Jill Abramson’s Salary Should Have Been Lower Than Her Male Predecessor

Jill Abramson

Rumors are flying. The scuttlebutt is that Jill Abramson, the former executive editor of The New York Times, was paid less than her predecessor, a man, Bill Keller.

Supposedly, she was outraged at the compensation discrepancy. Others have chimed in suggesting that this is heresy.

As a New York Times’ loyalist, I hope she was being paid less than Bill Keller.

The New York Times is a struggling entity. Its revenues are less than half what they were in 2003 when Bill Keller was hired as executive editor. Today the paper is constantly struggling with profitability.  The Times must make strategic investments to survive in the new economy.

At the end of 2013, The New York Times employed 3,529 people.
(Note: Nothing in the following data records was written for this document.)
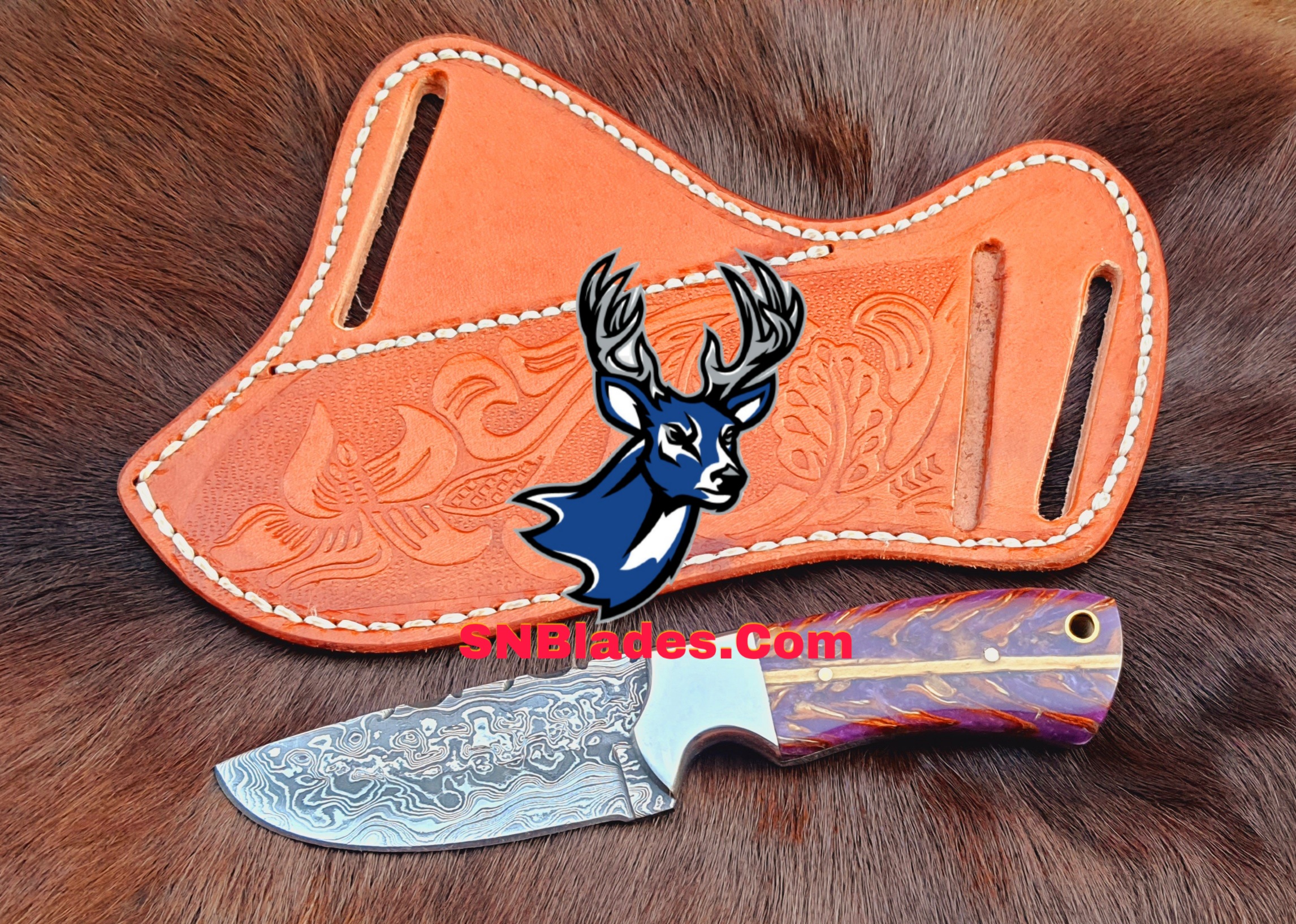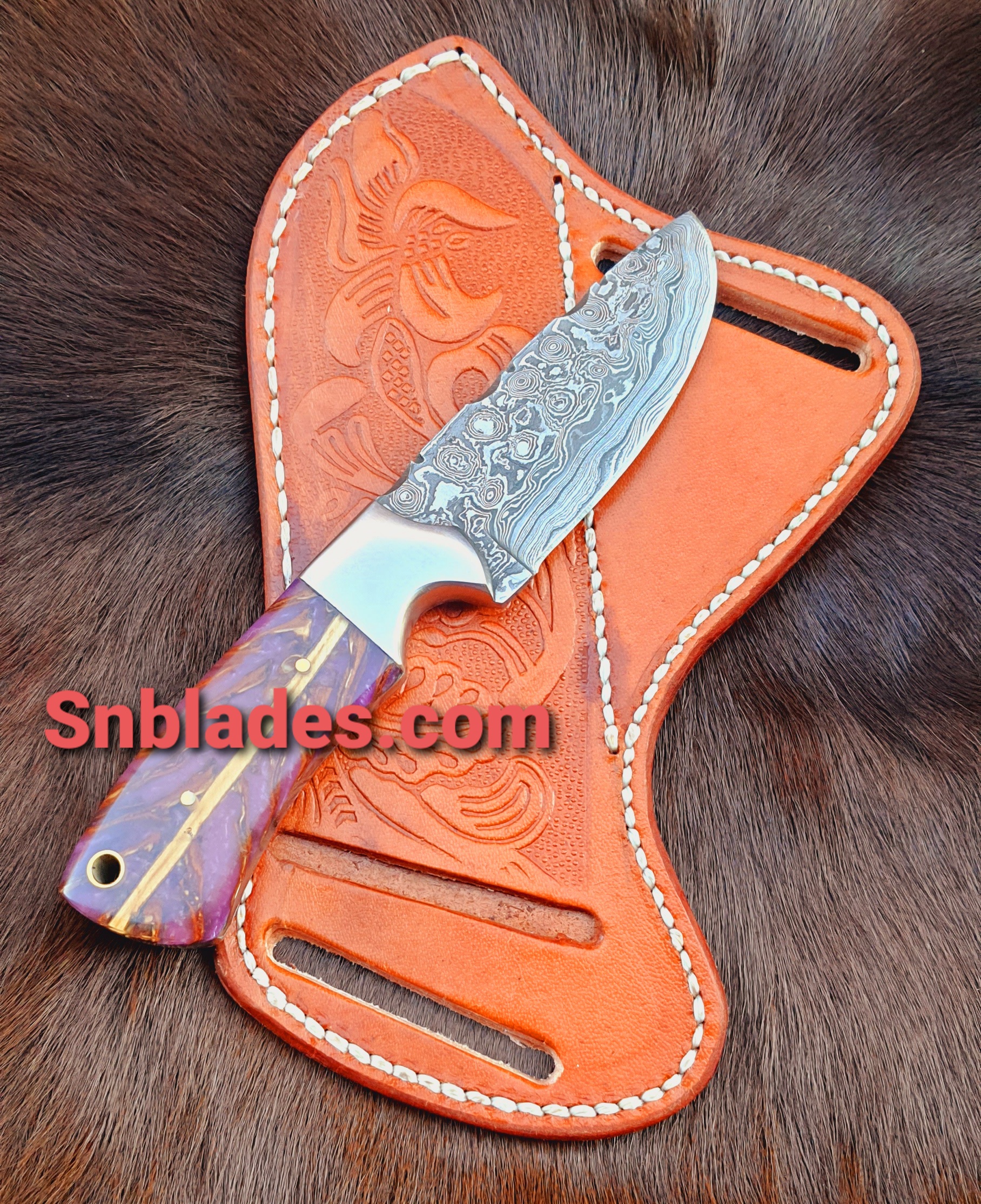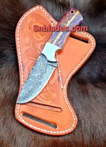 Handmade Damascus steel cowboy skinner knife overall length 7″inch handle made of pine cone hold edge and comfortable handle comes with leather sheath.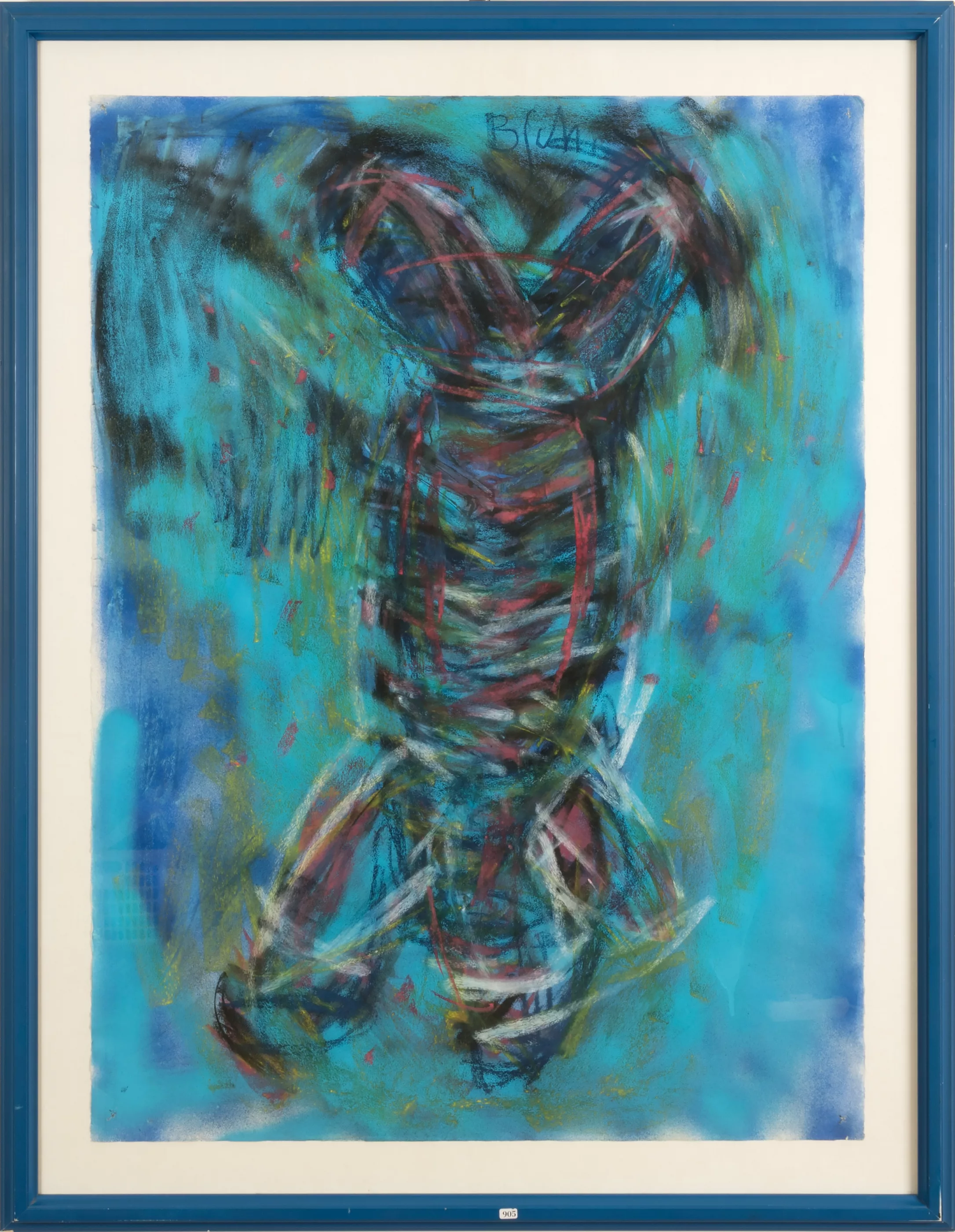Ohne Titel (hängender Tierkörper), Pastell auf Velin, 106 cm x 78 cm Blattmaß, signiert, montiert, Stecknadellöcher, partiell kleine Einrisse am Blattrand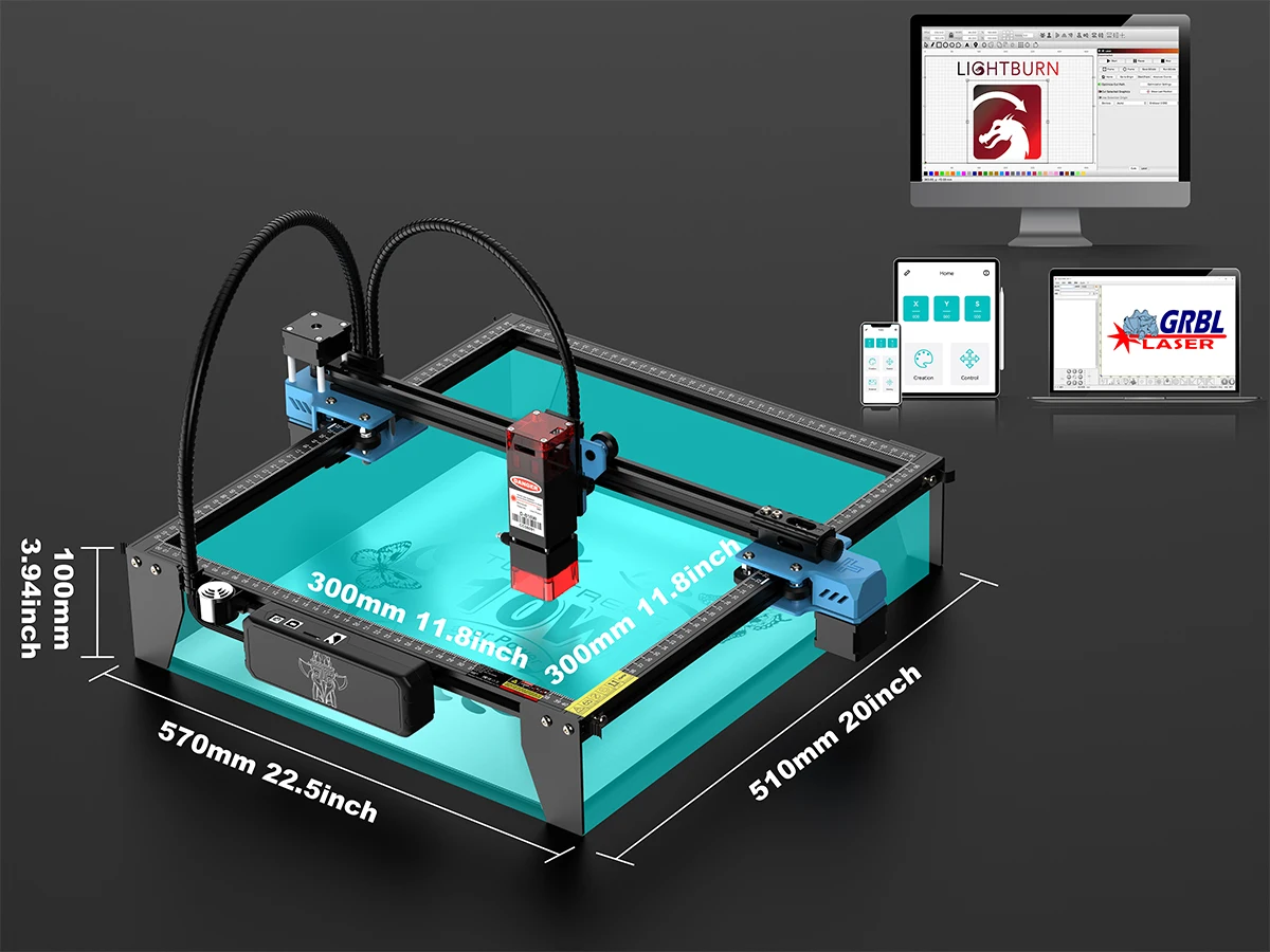 Support mobile APP control, wifi connection, USB connection, offline USE,The machine is compatible with various mature engraving software, such as LaserGRBL, LightBurn, Benbox, GrblController, LiteFire, supports PWM mode engraving, supports Windows Mac system, and engraving file format Support JPG, PNG, DXF, SVG, G-code, NC, BMP, etc.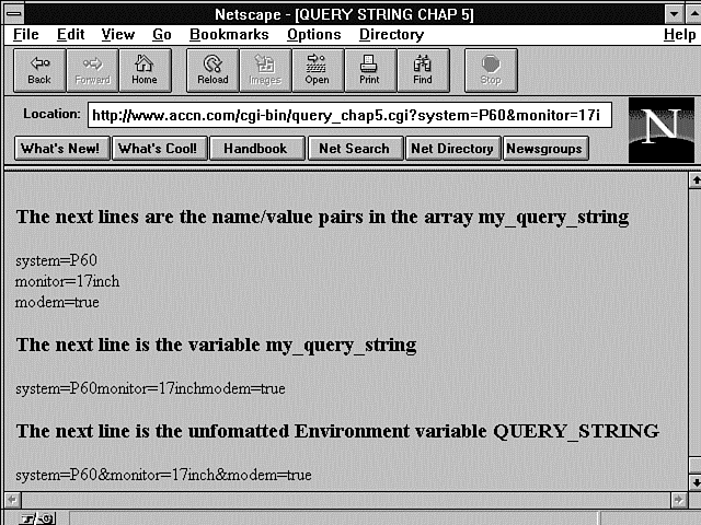 Obviously, just to begin to return the data in Figure 5.2, I had to be able to decode the incoming data. Using the Get method, the data is available for my CGI program in the environment variable QUERY_STRING.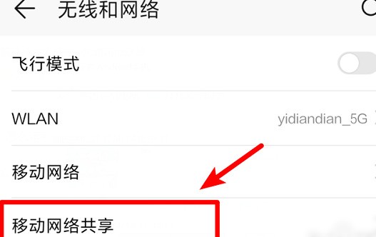4、点击设备连接选项后,进入无线和网络页面,点击移动网络共享。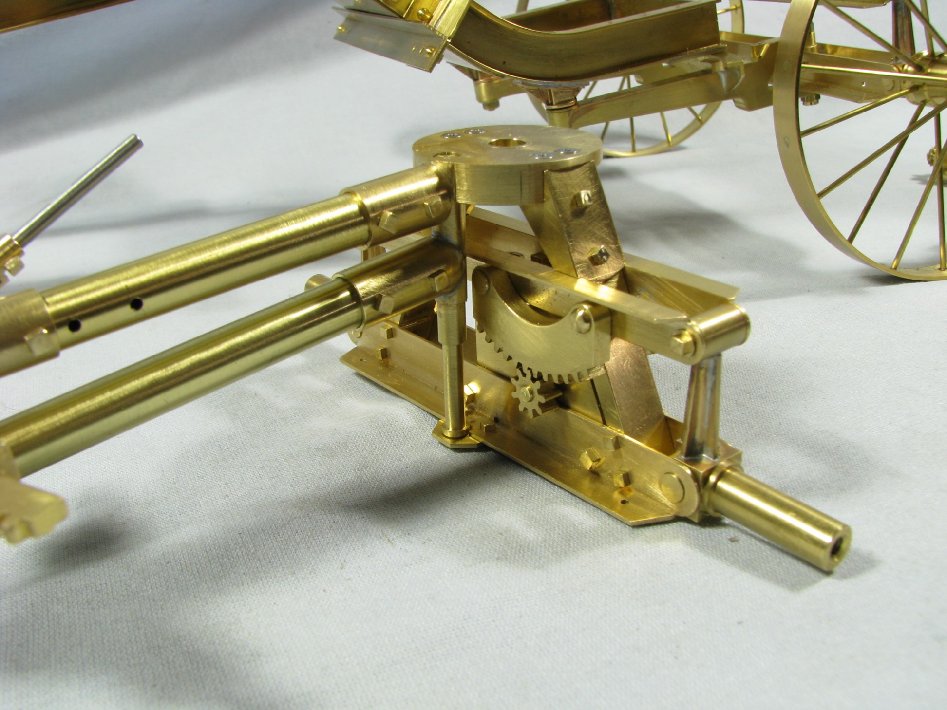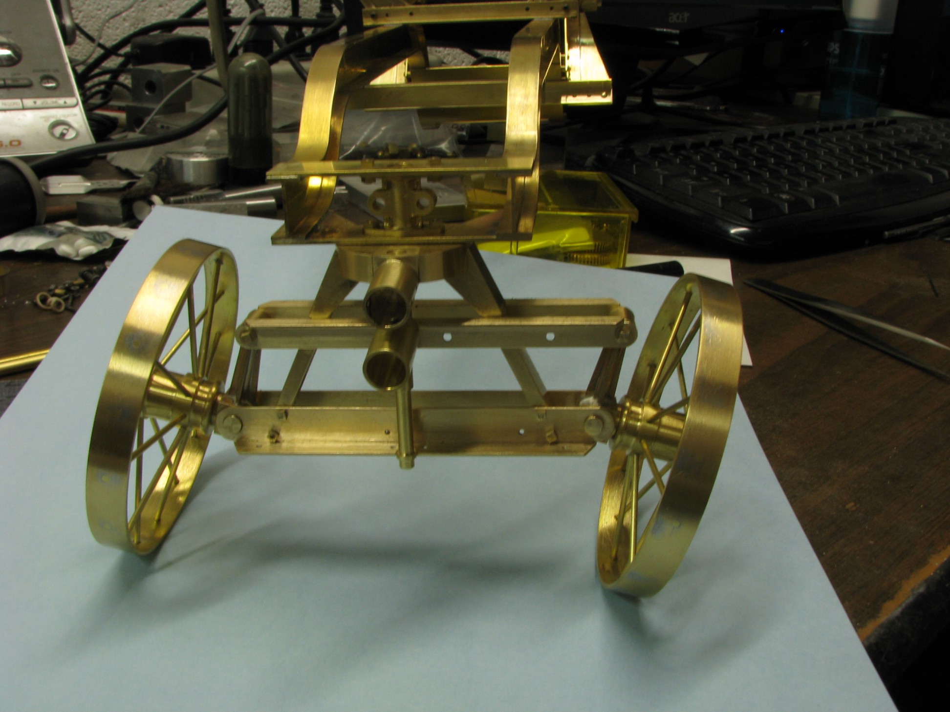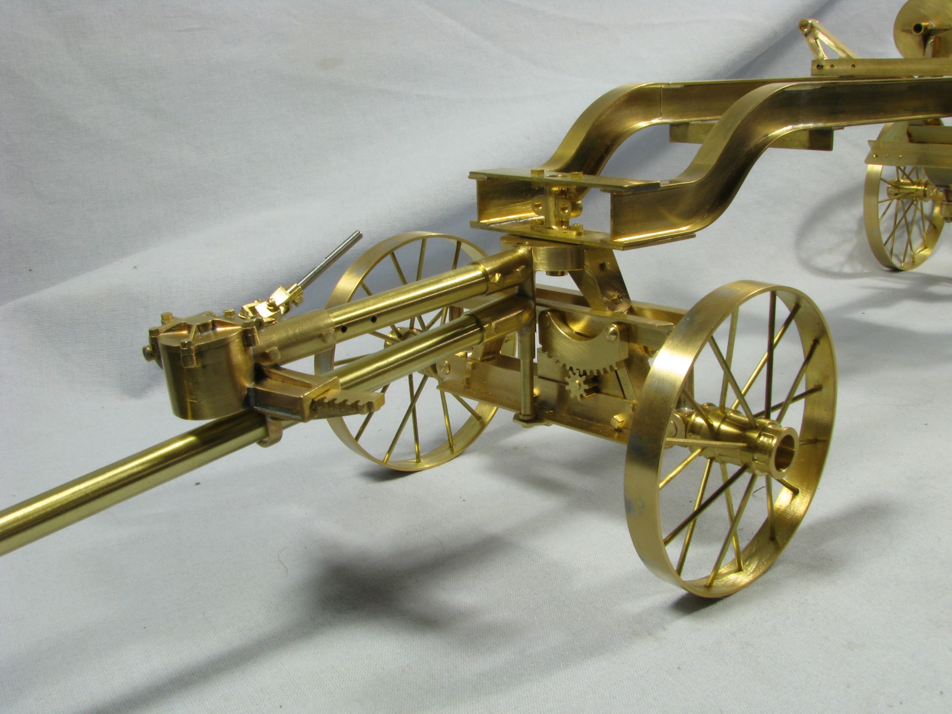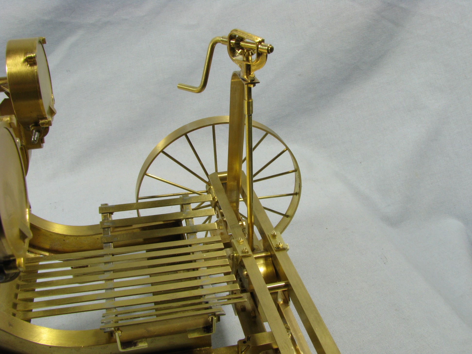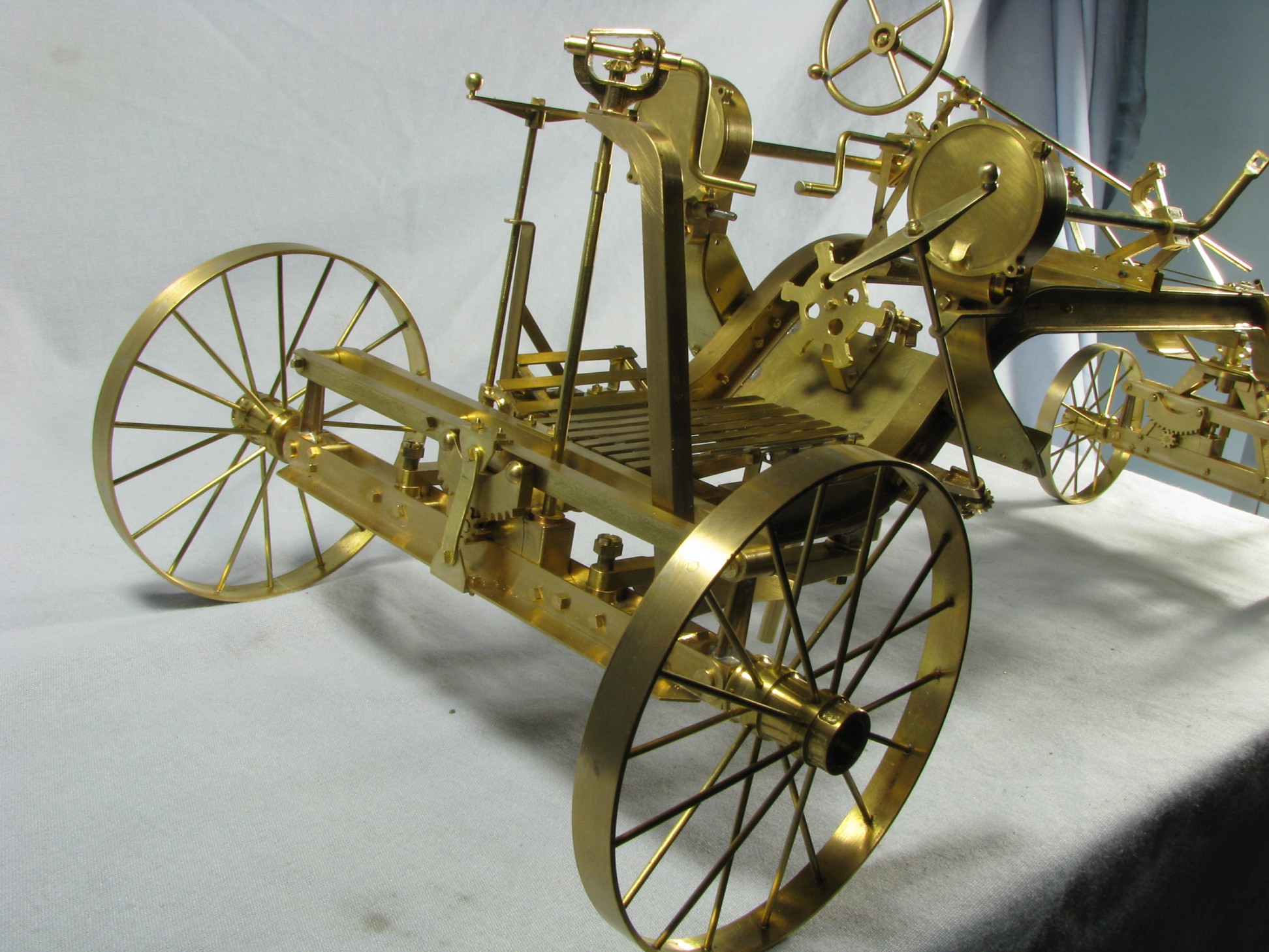 I was introduced to another member, Ken Foran, through the classic car show The Glenmoor Gathering. Ken had arranged to have a modeling area and I was invited. This was my introduction to the fabulous brass fabrications that he creates. His work can be found in the display area. I used his inspiration in creating my model.

My guess is that 1400 to 2100 of these people were women.  These are real people whose livelihoods need to be protected.

As a person who has run organizations, both large and small, for most of my adult life, I can say the responsible thing to do when a job needs to be replaced at a struggling company is to save money.  Management’s job is to help ensure that all employees in the organization (both male and female) can retain their jobs and be fairly compensated – while ensuring that the entity as a whole continues to survive and prosper.

Naturally, as an outsider I don’t know the specifics of Jill Abramson’s performance, and I can’t weigh in on the appropriateness of her termination   But I can say that had she been paid less — at least in base compensation — than her predecessor when times were better (no pun intended), it would have been the right thing for management to do.

Women, with the same degree of competency and experience as men, should never be paid less when doing the same job, at the same time, for the same organization.  But this is not one of those circumstances.

Finally, Jill Abramson has been replaced by a man.  The responsible thing for The New York Times management to do would be to pay him less than she made.  That’s not sexist, it’s responsible management.